* Aim of the task: The span to repeat in the listing below runs from the line containing "Upacara pemakaman yang" to the line containing "מגירה טריקה שקטה", inclusive. Repeat it exactly, and only it.

* Extracted material:
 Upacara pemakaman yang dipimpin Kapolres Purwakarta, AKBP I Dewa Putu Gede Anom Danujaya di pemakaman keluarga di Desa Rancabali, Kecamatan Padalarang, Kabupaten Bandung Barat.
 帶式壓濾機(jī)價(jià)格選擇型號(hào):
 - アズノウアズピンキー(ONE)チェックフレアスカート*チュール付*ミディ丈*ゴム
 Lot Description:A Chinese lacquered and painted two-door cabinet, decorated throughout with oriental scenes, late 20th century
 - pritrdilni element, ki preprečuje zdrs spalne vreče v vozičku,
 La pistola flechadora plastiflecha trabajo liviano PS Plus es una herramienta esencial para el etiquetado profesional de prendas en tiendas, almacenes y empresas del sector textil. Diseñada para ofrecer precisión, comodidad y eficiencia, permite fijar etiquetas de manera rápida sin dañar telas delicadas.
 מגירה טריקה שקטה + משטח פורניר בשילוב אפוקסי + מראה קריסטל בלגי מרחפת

---

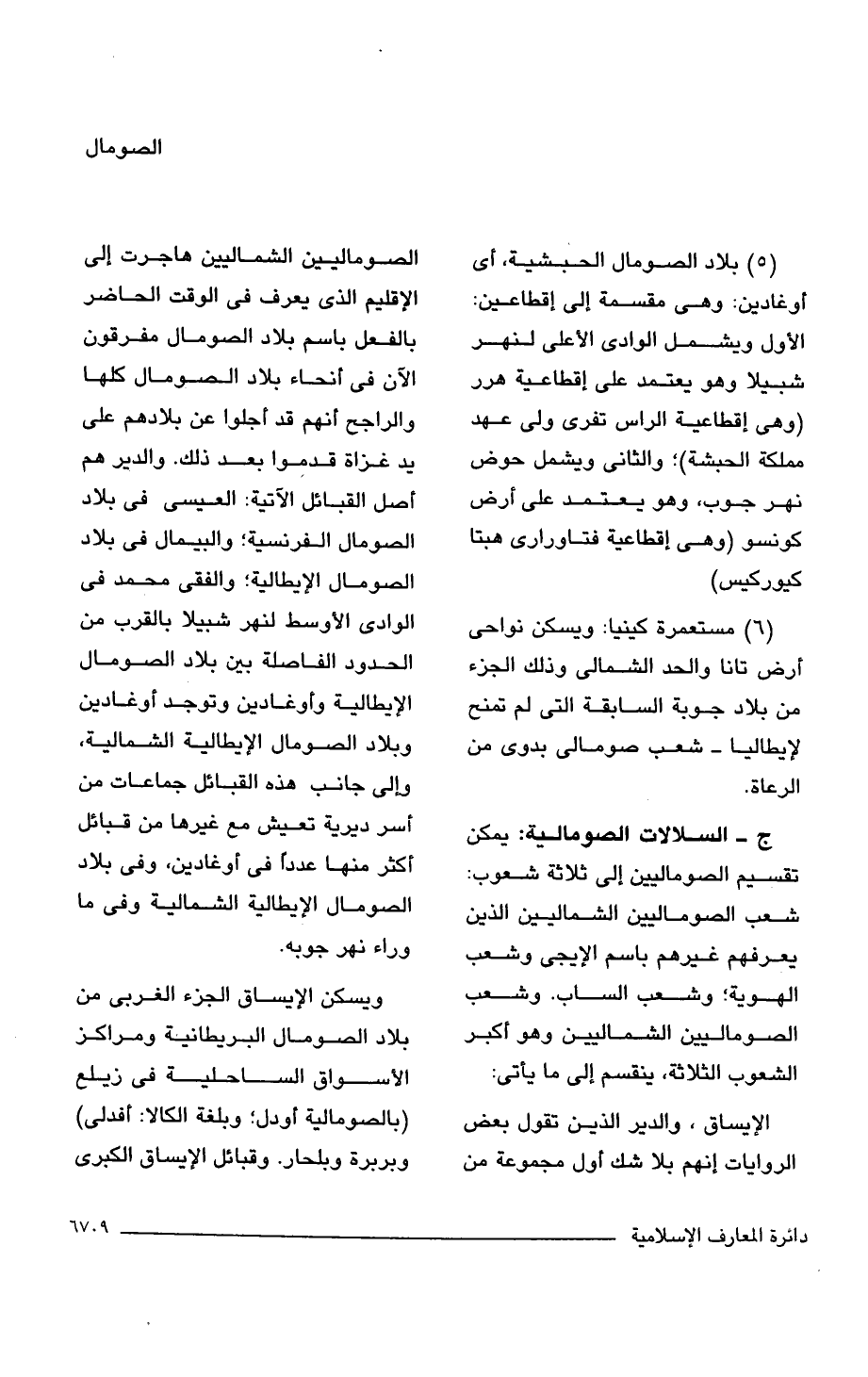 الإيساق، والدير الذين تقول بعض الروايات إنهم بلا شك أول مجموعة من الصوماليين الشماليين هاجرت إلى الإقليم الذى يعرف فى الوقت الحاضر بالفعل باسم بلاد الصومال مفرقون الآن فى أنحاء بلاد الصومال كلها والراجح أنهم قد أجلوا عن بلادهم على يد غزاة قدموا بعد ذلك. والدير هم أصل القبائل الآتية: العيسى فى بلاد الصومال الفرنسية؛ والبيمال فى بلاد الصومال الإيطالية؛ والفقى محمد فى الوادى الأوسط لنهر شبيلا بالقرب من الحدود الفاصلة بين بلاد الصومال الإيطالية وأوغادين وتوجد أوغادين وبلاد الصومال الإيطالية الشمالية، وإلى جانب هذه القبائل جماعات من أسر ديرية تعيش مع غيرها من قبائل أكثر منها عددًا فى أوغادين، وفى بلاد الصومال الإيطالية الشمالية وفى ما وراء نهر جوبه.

* Written answer:
 Upacara pemakaman yang dipimpin Kapolres Purwakarta, AKBP I Dewa Putu Gede Anom Danujaya di pemakaman keluarga di Desa Rancabali, Kecamatan Padalarang, Kabupaten Bandung Barat.
 帶式壓濾機(jī)價(jià)格選擇型號(hào):
 - アズノウアズピンキー(ONE)チェックフレアスカート*チュール付*ミディ丈*ゴム
 Lot Description:A Chinese lacquered and painted two-door cabinet, decorated throughout with oriental scenes, late 20th century
 - pritrdilni element, ki preprečuje zdrs spalne vreče v vozičku,
 La pistola flechadora plastiflecha trabajo liviano PS Plus es una herramienta esencial para el etiquetado profesional de prendas en tiendas, almacenes y empresas del sector textil. Diseñada para ofrecer precisión, comodidad y eficiencia, permite fijar etiquetas de manera rápida sin dañar telas delicadas.
 מגירה טריקה שקטה + משטח פורניר בשילוב אפוקסי + מראה קריסטל בלגי מרחפת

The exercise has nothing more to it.